Gamma Ethniki
- Season: 2020–21
- Dates: 11 October 2020 – 11 July 2021

= 2020–21 Gamma Ethniki =

The 2020–21 Gamma Ethniki was the 38th season since the official establishment of the championship in 1983, but the 2nd season as the fourth tier of the Greek Football.

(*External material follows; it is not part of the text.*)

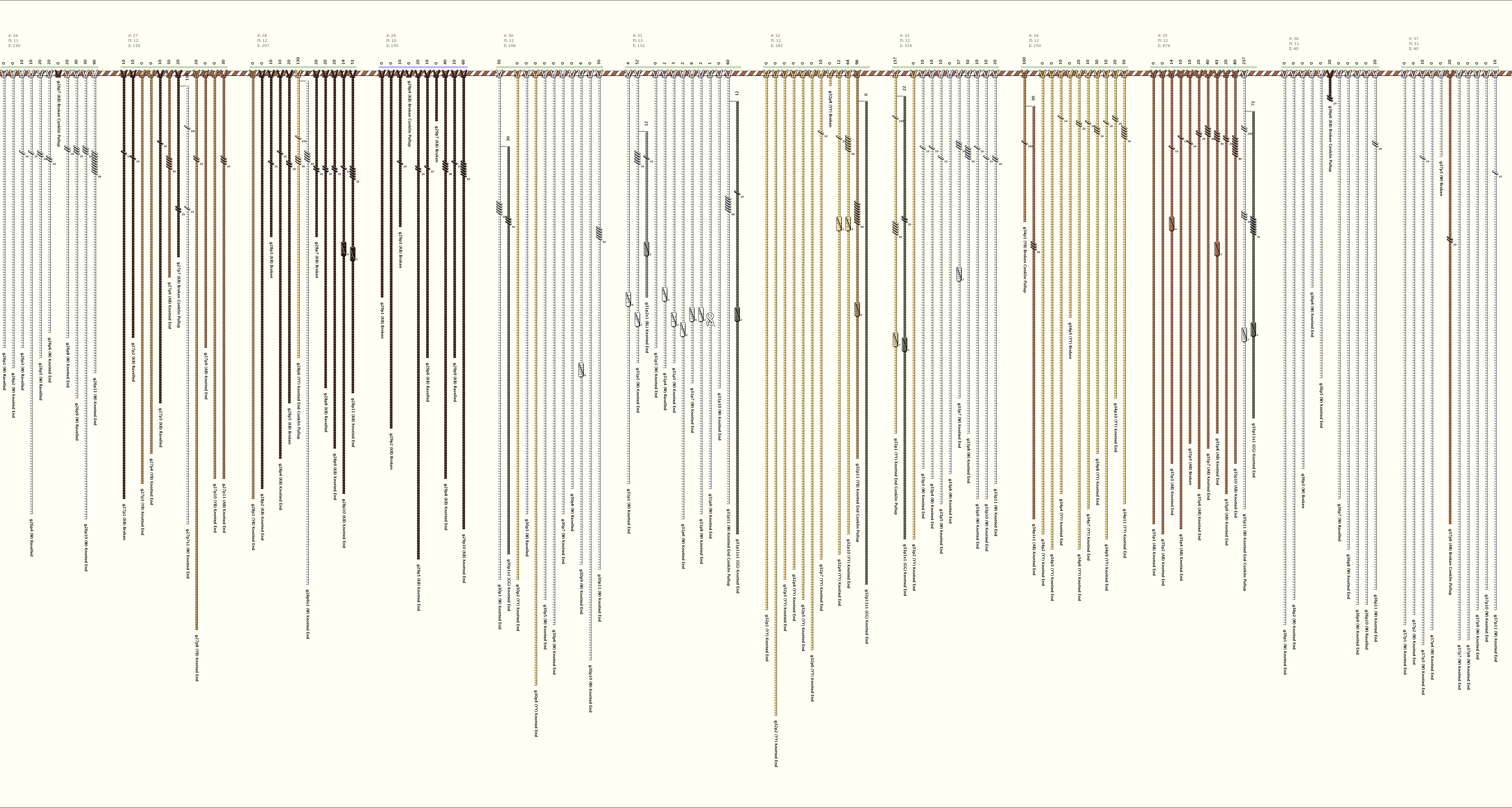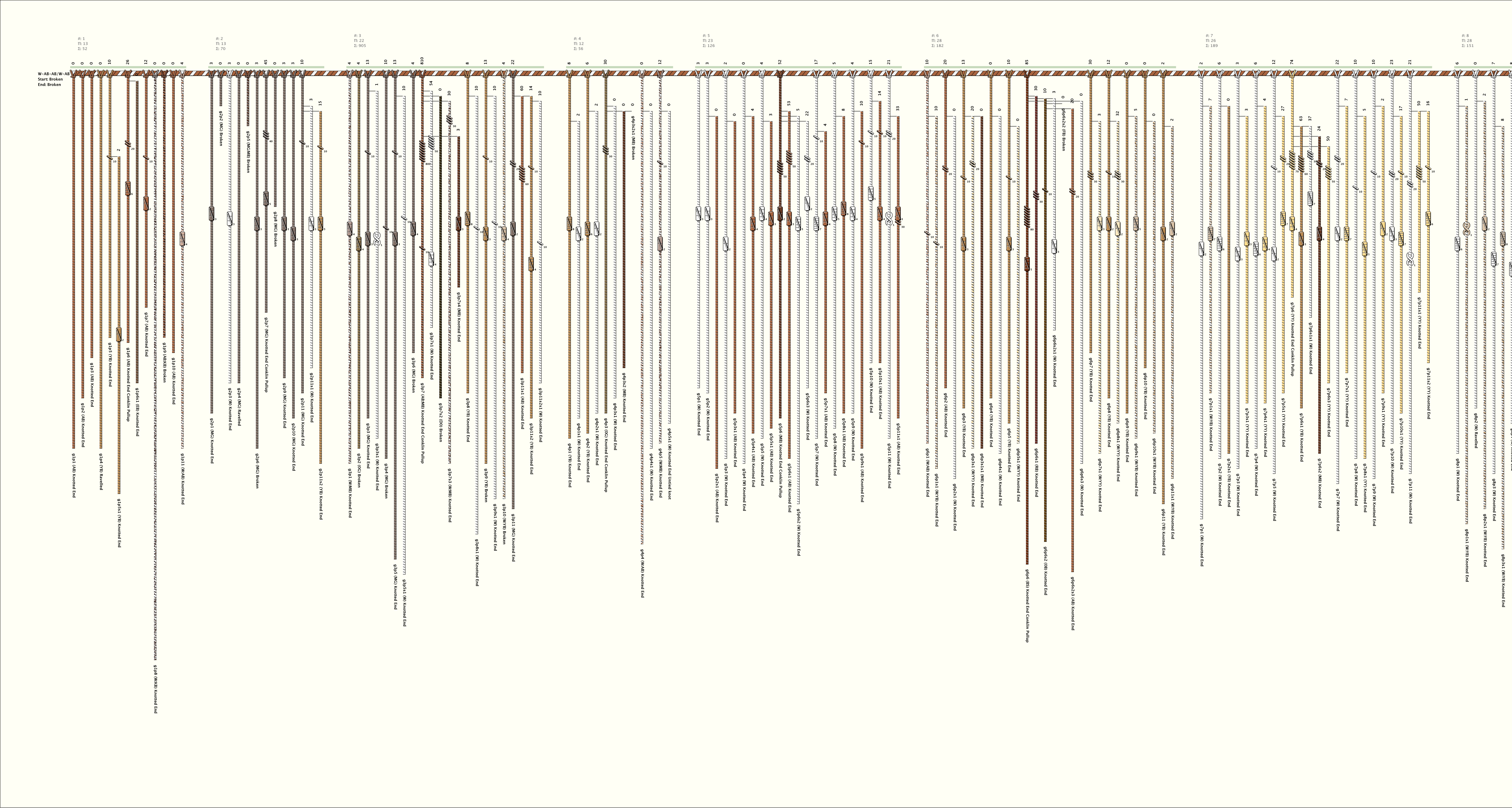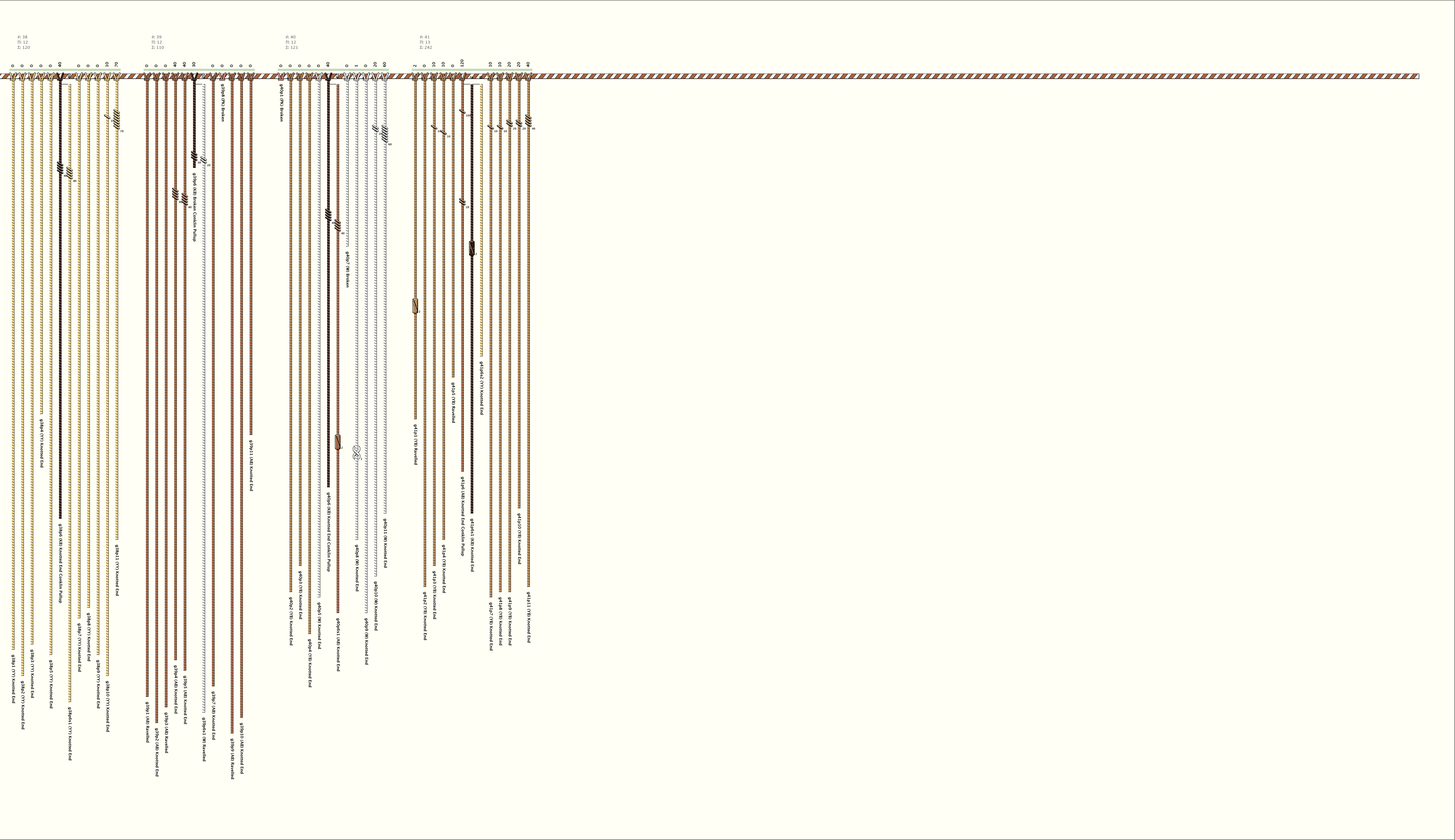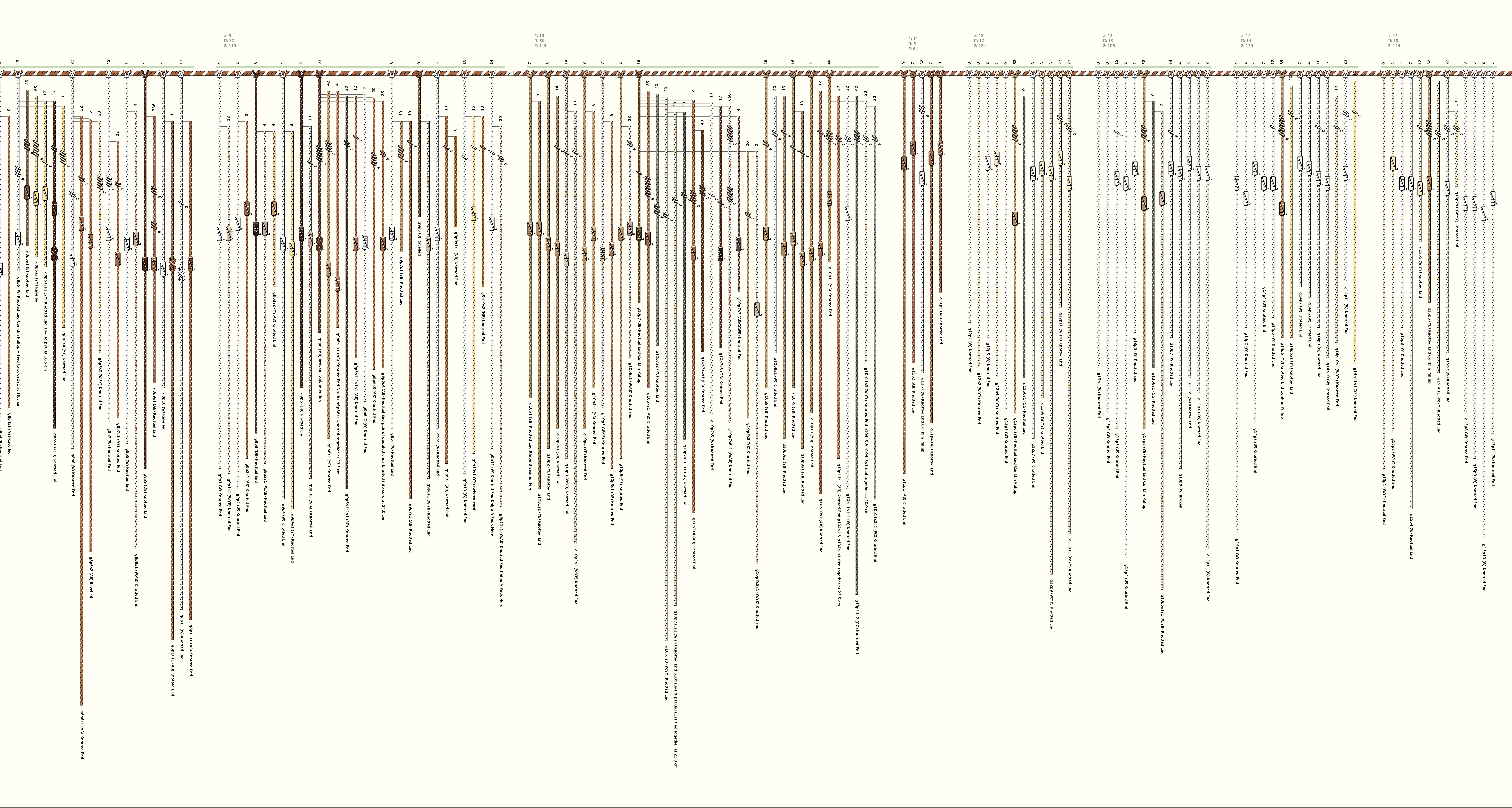 # of Groups & Cords: 41 Groups, 623 Cords - (438p, 185s) # of Ascher Cord Colors: 39 Similar Khipu: Previous (KH0593) Next (KH0401) Catalog: KH0674 Khipu Notes: Khipu Notes |

It started on 11 October 2020 but put on hold from the Greek government due to the COVID-19 pandemic on 1 November 2020. It restarted on 11 April 2021, with the group stage being completed after its first round. The champions of each group then qualified for a playoff round, to determine which four teams would be promoted to 2021–22 Super League 2.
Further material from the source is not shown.